Cinismo e tacticismo na discussão do OE

Ninguém sai bem no processo de votação no Parlamento das ajudas à Grécia e à Turquia.

Numa situação normal, os artigos 80.º e 81.º do Orçamento do Estado jamais seriam notícia. O primeiro consagra uma verba de 106,9 milhões para o “financiamento do programa de assistência financeira à Grécia”, e o segundo reserva 24,3 milhões para o “mecanismo de apoio à Turquia em favor dos refugiados”. Tendo em conta que esses foram compromissos assumidos pelo anterior Governo, e que o actual os subscreve na íntegra, seria de esperar que os respectivos grupos parlamentares aprovassem os dois artigos sem grandes discussões. Assim não aconteceu. Não porque os deputados estivessem preocupados em dar mais ou menos dinheiro à Grécia ou à Turquia, mas por puro tacticismo e calculismo político.

Isto tudo acontece porque o PSD adoptou para este Orçamento uma regra de votar contra todos os artigos, independentemente do valor das propostas em questão, e abster-se em todas as propostas de alteração. Ao votar contra, os sociais-democratas estão a distanciar-se de um documento com o qual genericamente não concordam, e ao absterem-se nas alterações estão a lançar uma espécie de armadilha política ao PS, que neste cenário fica com o ónus de ter de chumbar propostas de alterações feitas pelo Bloco e PCP, apoiantes do actual Governo.
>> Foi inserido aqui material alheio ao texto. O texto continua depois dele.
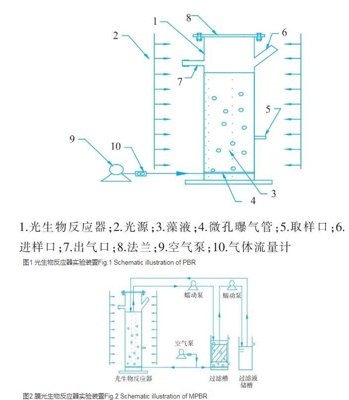 目前微藻培養(yǎng)系統(tǒng)的兩種主要類(lèi)型是開(kāi)放式跑道池和封閉式光生物反應(yīng)器(photobioreactor,PBR)。傳統(tǒng)的PBR沒(méi)有固液分離功能,反應(yīng)器中的水力停留時(shí)間(hydraulic retention time,HRT)和微藻停留時(shí)間(microalgae retention time,MRT)是相同的,獲得的生物質(zhì)濃度較低,給后續(xù)采收過(guò)程帶來(lái)很大的難度。為解決這個(gè)問(wèn)題,可在膜光生物反應(yīng)器(membrane photobioreactor,MPBR)模式下培養(yǎng)微藻。MPBR是微藻培養(yǎng)和采收的一種全新的方法,它將光生物反應(yīng)器同過(guò)濾器相耦合,進(jìn)而將HRT和MRT分開(kāi),實(shí)現(xiàn)固液分離。且膜過(guò)濾操作簡(jiǎn)單,在微藻培養(yǎng)和采收方面的應(yīng)用越來(lái)越多,Su等人在MPBR中利用電廠污水培養(yǎng)柵藻;Bilad等人利用浸沒(méi)式微濾膜采收微藻生物質(zhì);同時(shí)MPBR中過(guò)濾液可以再循環(huán)用作微藻培養(yǎng)液。此外通過(guò)膜的過(guò)濾作用,提高藻產(chǎn)品生物量濃度,在采收過(guò)程中無(wú)需使用助凝劑和絮凝劑等化學(xué)藥品。
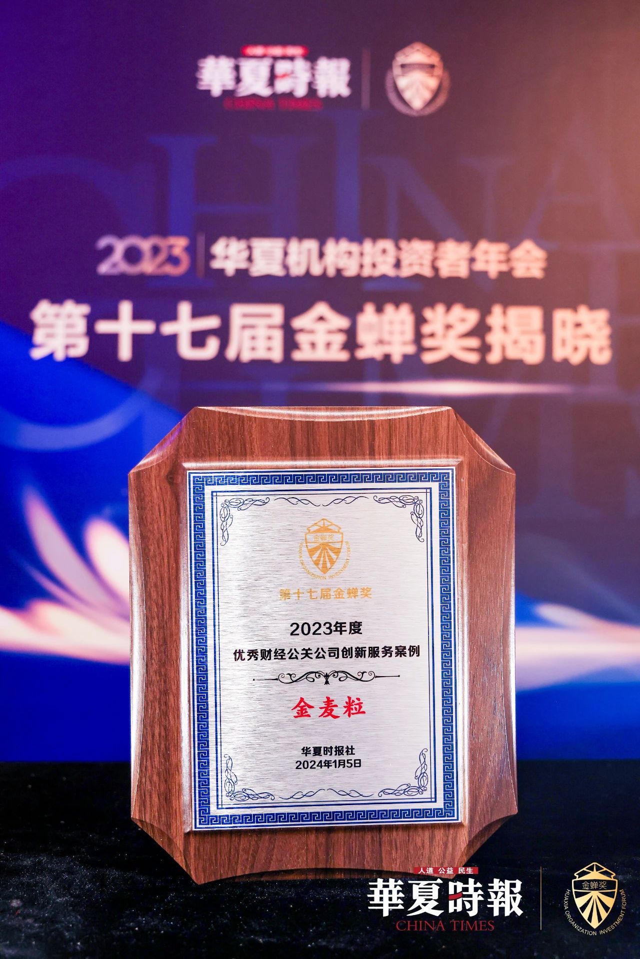 2024年1月5日,由华夏时报社主办的“2023华夏机构投资者年会”在北京隆重举行,经济领域知名学者、金融行业优秀企业代表等齐聚一堂,共同为中国经济高质量发展建言献策。活动现场也同步揭晓了第十七届金蝉奖的获奖名单。深圳市金麦粒传媒科技有限公司凭借优质、创新的专业服务,斩获第十七届金蝉奖“2023年度优秀财经公关公司创新服务案例”单类别唯一大奖。
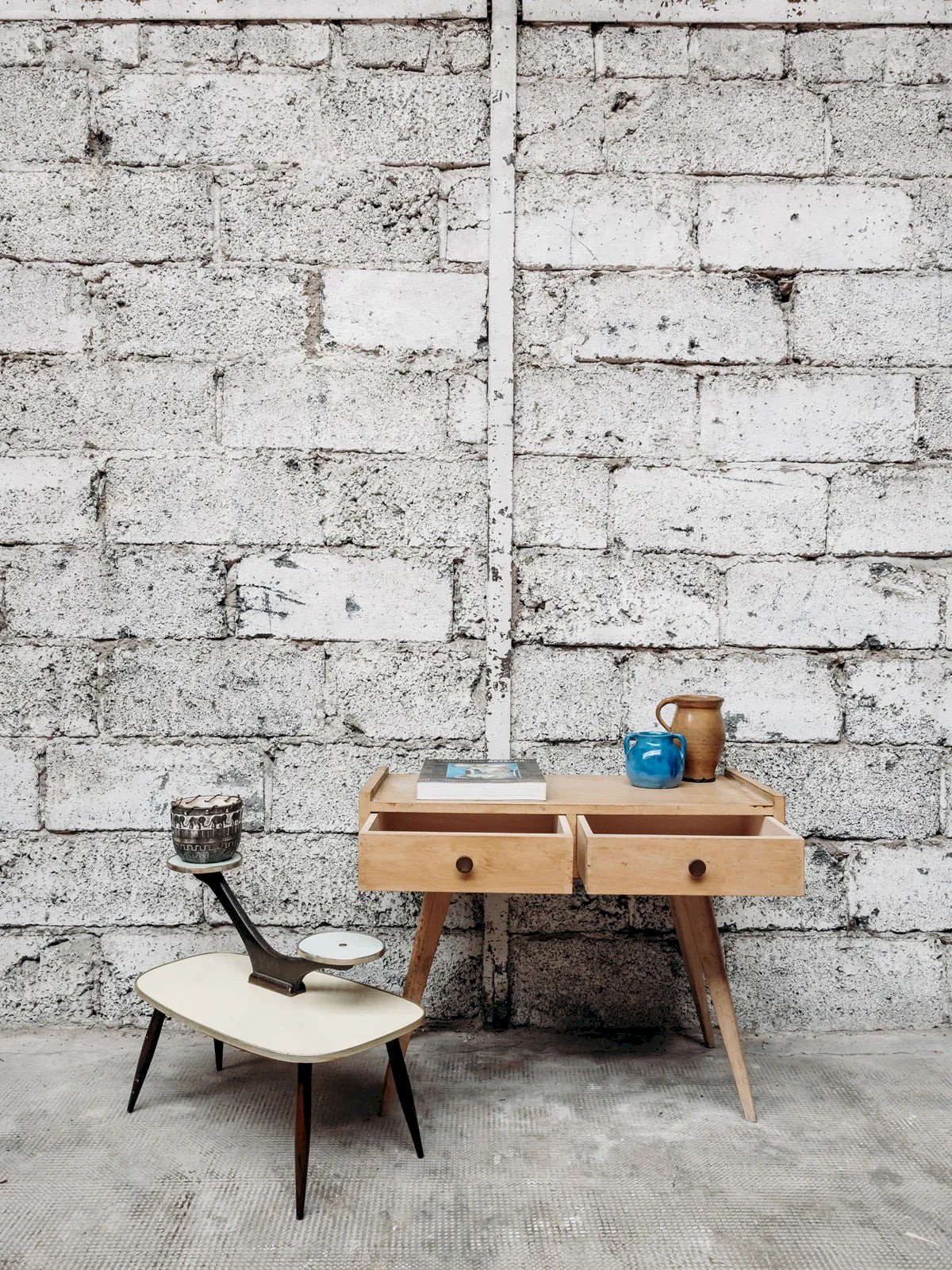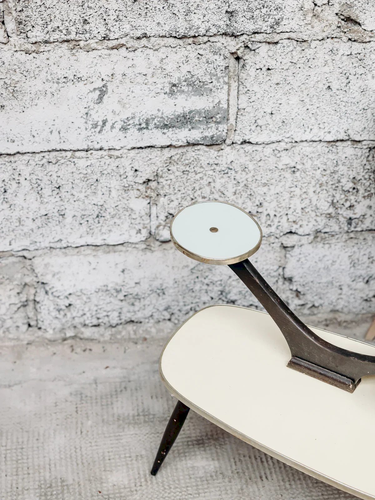 Add a retro touch to your interior with this small low plant stand that has a subtle charm. Its dark wood structure rests on slender tapered legs, creating an elegant and lightweight appearance. The yellow formica top provides a striking contrast with the dark wood, bringing a graphic and fresh touch. With perfectly sized dimensions, this plant stand is the ideal original piece to showcase your plants while decorating stylishly. Length: 60 cm Width: 32 cm Height: 46 cm Condition: Used: Item has been used. Item shows some superficial signs of wear... Used: Item has been used. Item shows some superficial signs of wear, fully operational and working properly. It may be a display model or an item returned to the store after a short period of use. Possible imperfections. Brand: Debongout Type: Vintage product Material: Wood, Brass, Metal Style: Countryside
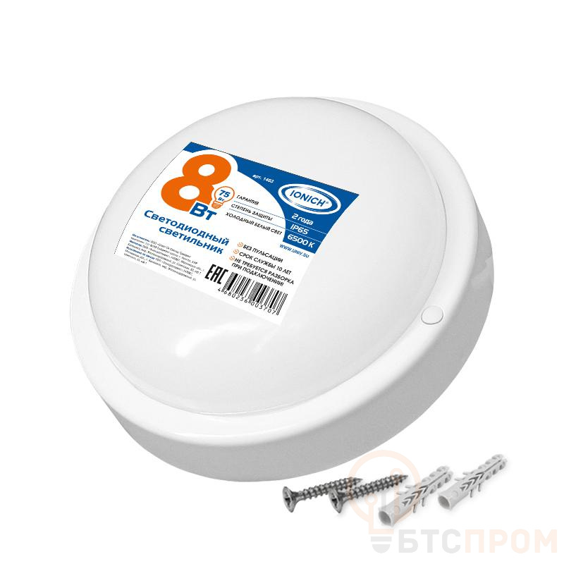 Ключевые характеристики: мощность 6.5 Вт, световой поток 650 лм, что обеспечивает комфортную и равномерную освещенность. Источником света служат современные светодиоды SMD 2835, гарантирующие долгий срок службы и стабильную работу. Напряжение питания 220 В. Степень защиты IP65 позволяет использовать светильник на улице, в подъездах, подвалах, чердаках, а также на производственных площадках, так как корпус надежно защищен от пыли и мощных струй воды.
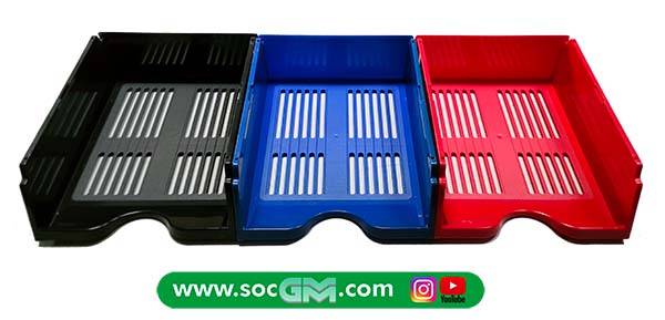 Stock di 6 vaschette porta documenti grande, 2 nere, 2 rosse e 2 blu
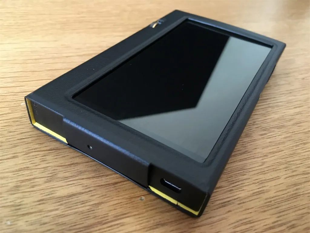 ボリュームダイヤル付近も切り抜かれており、DP-X1のダイヤル付近の独特なラウンド形状を活かしたデザインに。操作性も失われていません。
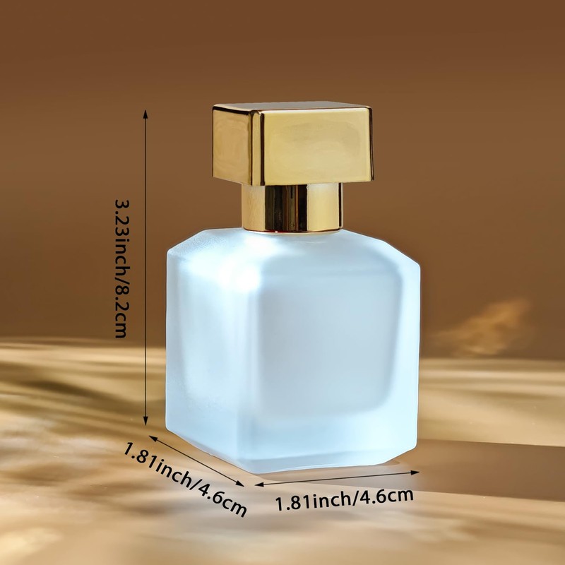 Yerpkefey 50ml/1.7 Oz Glass Spray Bottle Perfume Atomizer,Glass Perfume Square Refillable Spray Bottle Empty with 3 Kinds of Dispenser (Frosted)
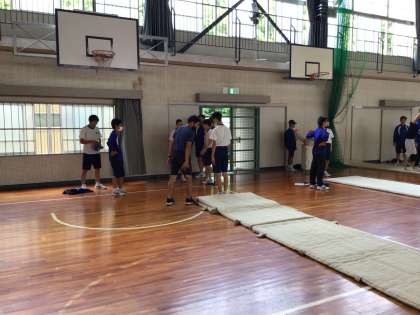 マット運動の技を完成させるために互いに教え合います。
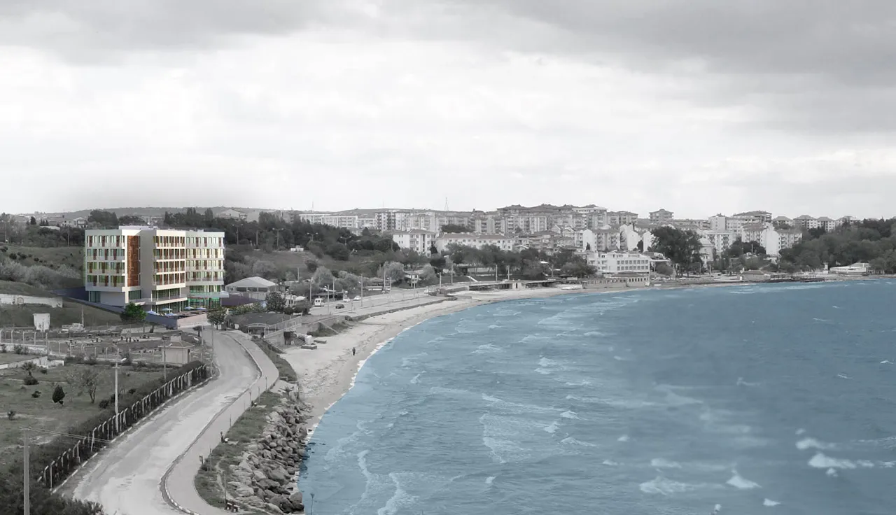 Hampton Hotel, Çanakkale Boğazı girişinde, Hamzaköy-Gelibolu'da konumlanmaktadır. Daha önce yine aynı yerde bulunan ve statik analizler sonucu yıkım kararı alınan eski otel binasının yerine uygulanmıştır. Kent hafızasında önemli bir yere sahip olan önceki binanın yeniden yapımı aşamasında, kontur-gabari hatlarının korunması şartı getirilmiştir. Yeni binanın projelendirme süreci günümüz otel normlarına uygun bir anlayışla gerçekleştirilmiş, planimetri ve cephe uyumunun sağlanması hedeflenmiştir.
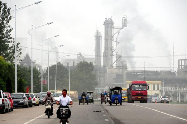 2013年9月13日,山東省臨沂市郯城縣一家化工企業在排放氣體。環保風暴刮起4個月后,工業重鎮面臨如何實現“軟著陸”的大考。
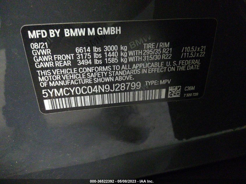 | VIN Number | 5YMCY0C04N9J28799 |
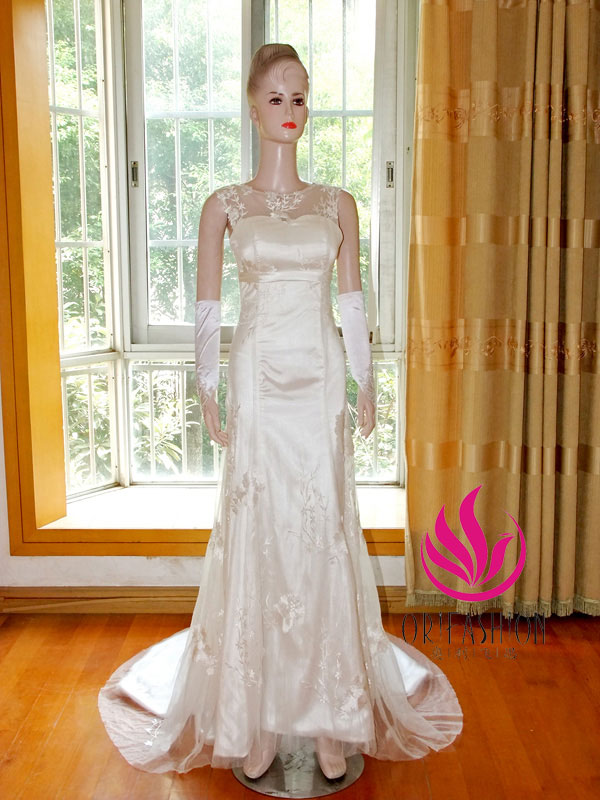 Trumpet bridal gown, soft sweetheart neckline is covered by delicate embroidered tulle, and comes with a unique sexy see-through back. Elaborate handmade flowers adorn the back of the skirt, which features a chapel length train.
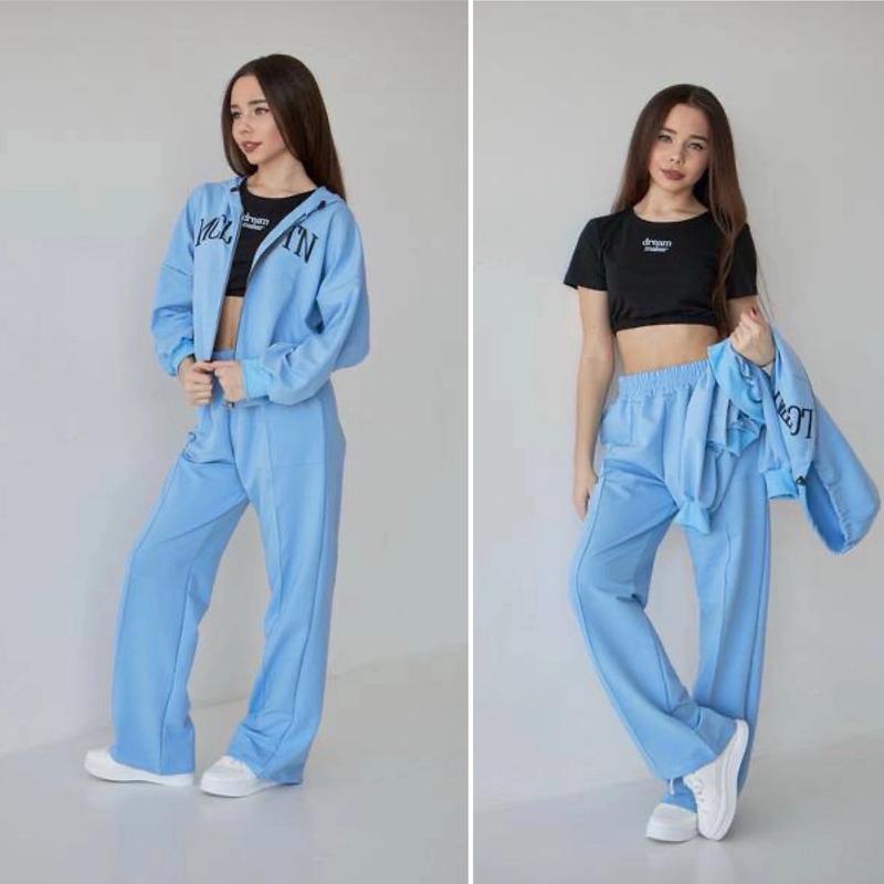 Стильная весенняя тройка Кофтинка на замочку Штаны палаццо Топ Ткань двунить качества пенье Бомбер на манжетах КАЧЕСТВО ЧУДОВА!! РЕКОМЕНДУЮ!!! 140-1шт долж./пог/рукав от горловины/длин.топа/пог/длин.штанов/крок/пот/пот/победер 140/43/53/55/22/33/90/66/27/47
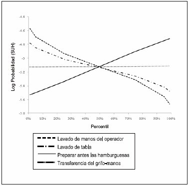 Los valores de probabilidad de adquirir SUH de los extremos de las curvas de la Figura 5 (correspondientes a los percentiles 1% y 99%) fueron utilizados para calcular el OR para las variables que presentaron mayor correlación. Así, el OR de adquirir SUH fue 12,02 veces mayor en caso que los operadores no se laven las manos; 6,57 veces mayor cuando se preparan las hamburguesas (a partir de carne molida cruda) antes que los vegetales que las acompañan y 5,02 veces mayor si no se lava la tabla donde se procesa la carne molida, mientras que fue 6,57 veces menor por el hecho de preparar las hamburguesas (a partir de carne molida cruda) luego que los vegetales que las acompañan. De esta manera, el riesgo de adquirir SUH se ve sustancialmente modificado cuando estas 3 variables se incorporan en el modelo (Figura 5) y pueden considerarse los principales factores de riesgo de contaminación cruzada de VTEC entre la carne y los vegetales. En contraposición, ese riesgo fue solamente de 1,039 cuando se consideró la transferencia del patógeno entre el grifo de agua y las manos del operador (Figura 5). Asimismo, es interesante destacar la importancia que tiene la contaminación cruzada causada a través de las manos del operador contra la insignificancia del aporte de la interacción entre el grifo y esas mismas manos.

Ao seguir esta regra às cegas, o PSD cai no ridículo de estar a chumbar propostas com as quais até concorda a 100% e pelas quais é responsável, sendo os artigos 80.º e 81.º duas delas. Não haveria grande problema se o PCP e o Bloco votassem ao lado do Governo neste tema, mas estes dois partidos resolveram desta vez levantar obstáculos e de repente o Governo viu-se só com o apoio do PS, o que seria insuficiente para garantir a aprovação dos dois artigos – um cenário que deixaria Portugal numa situação caricata de não poder executar os seus compromissos europeus.

O PS, claro está, tentou passar o ónus de um eventual impasse para o PSD, desculpando entretanto o eventual voto contra do PCP e BE porque os dois partidos “sempre foram contra estas normas nos orçamentos anteriores” e agora “teriam de mudar agora de posição”. Esta tentativa de desculpabilização não assenta propriamente bem a quem assumiu o poder dizendo ter uma maioria duradoura e estável e capaz de respeitar os compromissos europeus.

Passos, de uma forma irónica, desafiou Costa a usar “a sua boa capacidade negocial” para ultrapassar o impasse. Costa não o fez, mas deitou mão de um artifício de cosmética, tendo apresentado uma proposta de alteração ao Orçamento em que na prática reproduz os conteúdos dos artigos 80.º e 81.º, mas com uma redacção ligeiramente diferente. Com isso, e para o PSD se manter coerente com a sua regra – chumbar os artigos originais e abster-se nas alterações –, “obrigou” os sociais-democratas a viabilizarem o documento, tornando assim irrelevante o voto contra mais à esquerda. Para trás fica um episódio triste, sem grande importância, mas que mostra a postura cínica com que a direita tem encarado este debate orçamental e uma coligação à esquerda frágil e que dá poucas garantias.